The Russian national arrested this month by Czech police in cooperation with the FBI is believed to have been involved in the hacking of social media company LinkedIn in 2012.
Czech police announced on Wednesday that they had arrested a Russian citizen suspected of launching cyberattacks on the United States. Since the announcement came shortly after the U.S. formally accused the Russian government of hacking political organizations, some believed the arrest might be connected to the attacks attributed by experts to sophisticated Russia-linked cyber espionage groups.
However, LinkedIn said the man arrested by Czech authorities is actually tied to the 2012 breach that affected well over 100 million of its users. A U.S. official confirmed for Reuters that the suspect is not believed to be linked to the recent politics-related cyberattacks.
”Following the 2012 breach of LinkedIn member information, we have remained actively involved with the FBI’s case to pursue those responsible,” LinkedIn stated. “We are thankful for the hard work and dedication of the FBI in its efforts to locate and capture the parties believed to be responsible for this criminal activity.”
Czech authorities now have to decide if they will extradite the suspect to the United States. However, Russian news agency TASS reported that authorities in Moscow insist that the man be handed over to Russia.

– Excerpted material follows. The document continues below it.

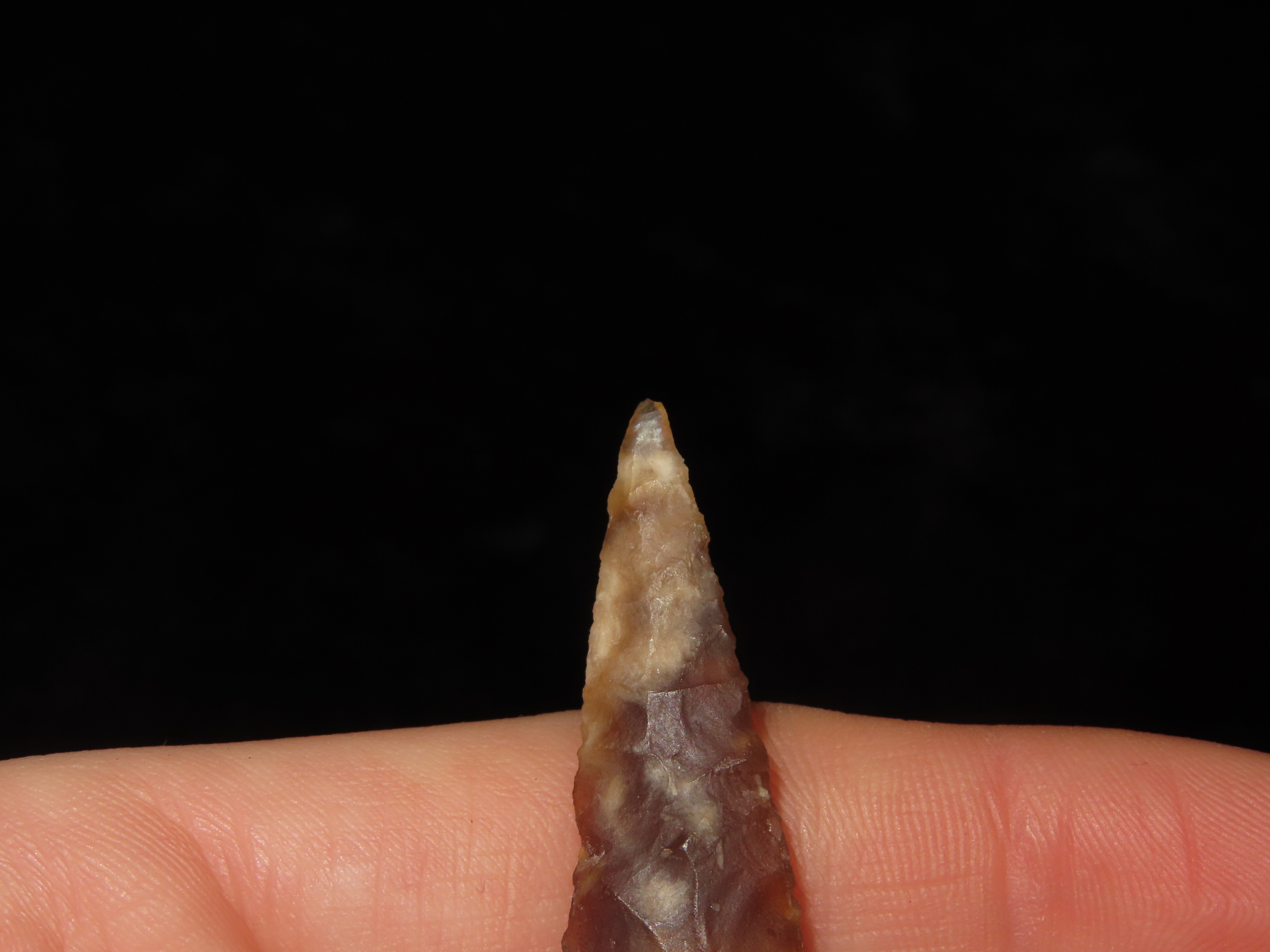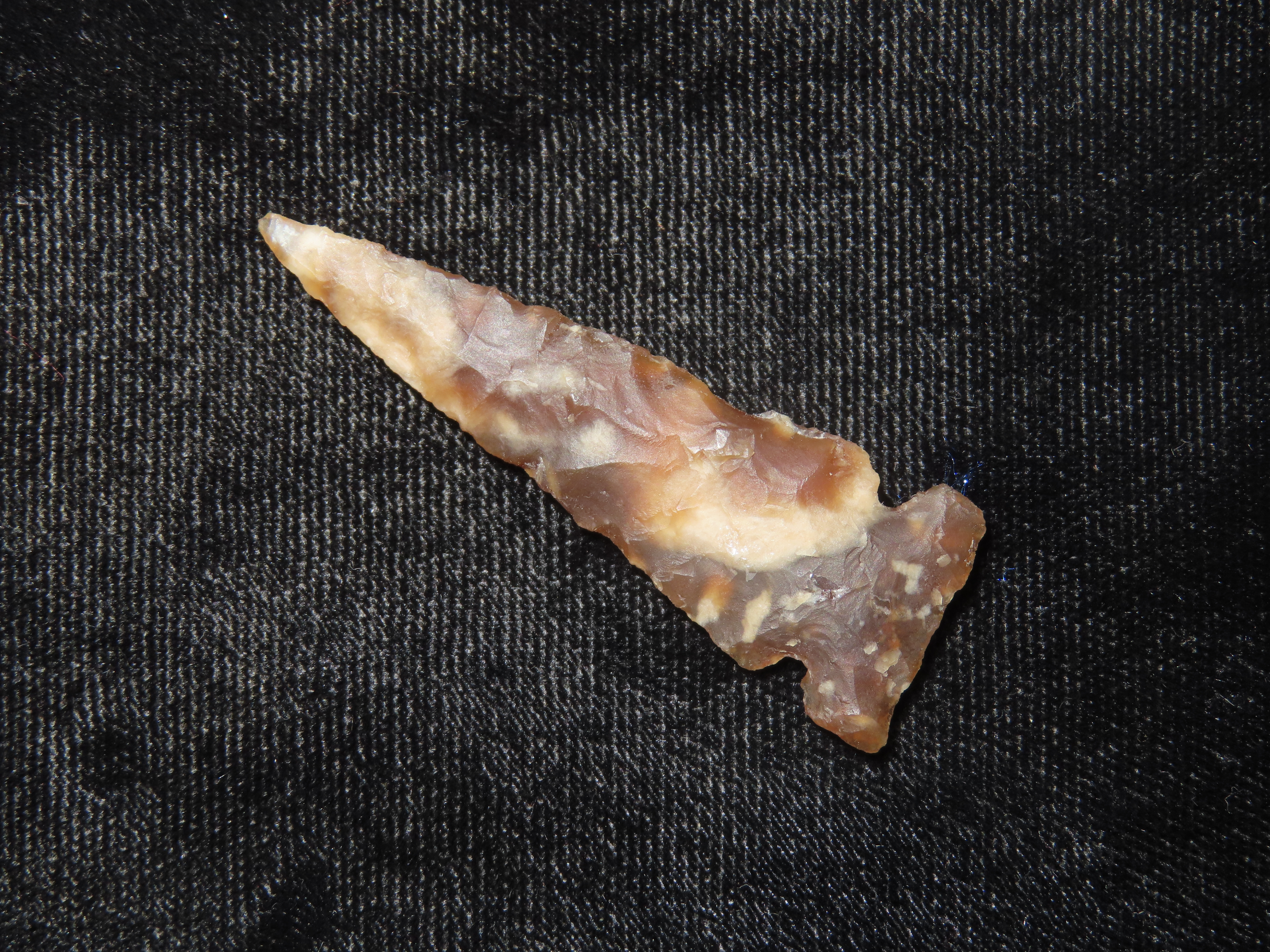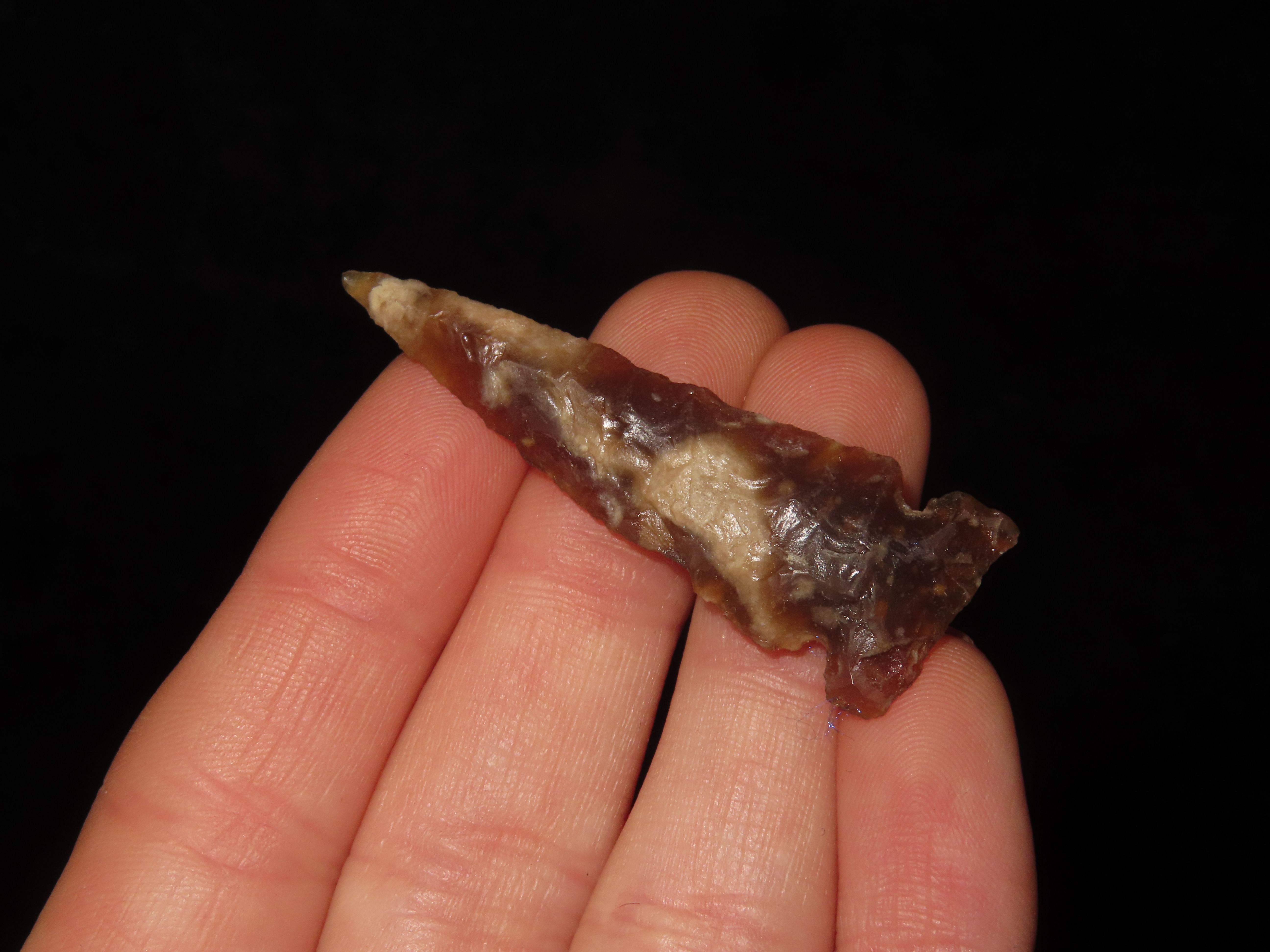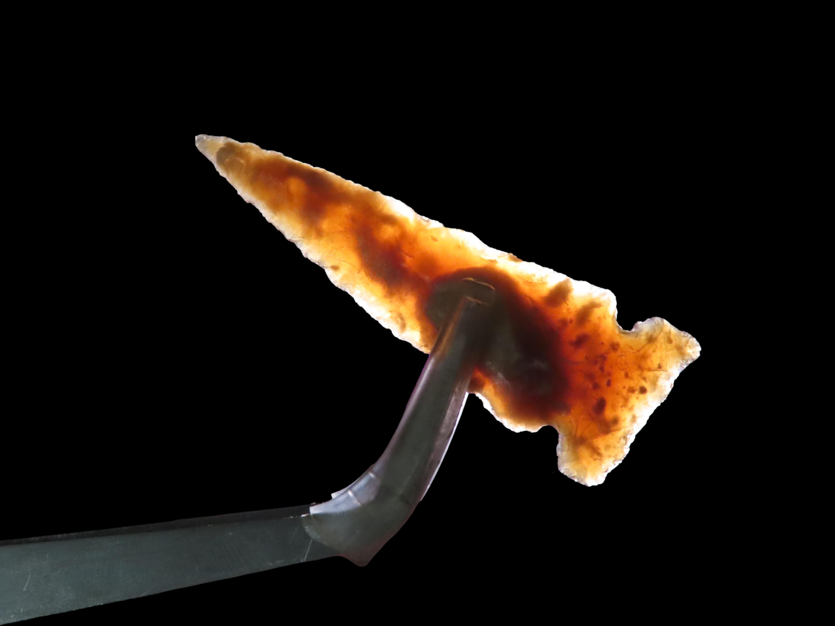 Translucent Knife River Sidenotch, Montana. Nice long Slender example, thin and well flaked with great color. Highly Translucent Example!

The BBC said the man was identified as 29-year-old Yevgeniy N. He was reportedly arrested by Czech police on October 5.
Until recently, the world believed the 2012 LinkedIn breach affected only 6.5 million accounts. However, in May, hackers offered to sell 167 million LinkedIn accounts, including 117 million that included passwords, for 5 bitcoins ($2,200).
Two individuals, known online as “Peace” and “Tessa88,” had offered to sell the LinkedIn data. However, an investigation conducted by security firm InfoArmor revealed that LinkedIn and other popular services that suffered serious data breaches in around the same period may have been targeted by professional black hat hackers from Eastern Europe.
The same hackers are also believed to be connected to the massive 2014 breach suffered by Yahoo. The tech giant blamed the attack on a state-sponsored actor, but InfoArmor said a state-sponsored party may have actually acquired the Yahoo data from the black hat hackers.